Hybrid machines combining subtractive machining (milling, turning) with additive (cladding, 3D printing) are becoming increasingly popular. They allow for repairing worn parts by adding material, followed by precise mechanical machining.
The future of metalworking is intelligent factories where machines communicate with each other, predict failures, automatically optimize processes, and learn from each operation. IoT sensors monitor all process parameters, while AI algorithms adjust machining parameters in real-time for maximum efficiency.
New supermaterials like graphene, carbon nanotubes, or metal-ceramic composites are being developed, requiring completely new machining methods. Simultaneously, tools made from synthetic diamonds or ceramic materials with unprecedented hardness and durability are being created.
Metalworking is a field where traditional craftsmanship meets cutting-edge technology.

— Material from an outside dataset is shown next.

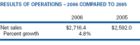 Key initiatives that drove sales in 2006 included higher volume driven by acquisitions, new products and effective marketing programs, as well as pricing actions taken early in the year. Sales from Simply Asia Foods, acquired in the third quarter of 2006, contributed 0.7% to the sales increase. Foreign exchange rates had an unfavorable effect on sales in the first half of 2006 and a favorable effect on reported sales in the second half of the year. On a full year basis, the sales effect of foreign exchange rates was slightly favorable.

From atomic precision of lasers, through intelligence of welding robots, to mathematical accuracy of CNC systems - each of these technologies opens new possibilities in design and manufacturing. The future will bring even more advanced solutions, where the boundaries between what's possible and impossible will continue to blur.
Contemporary metalworking is not just technology - it's the art of transforming raw materials into precise, functional engineering masterpieces that surround us in every aspect of life, from cars and airplanes to microscopic electronic components.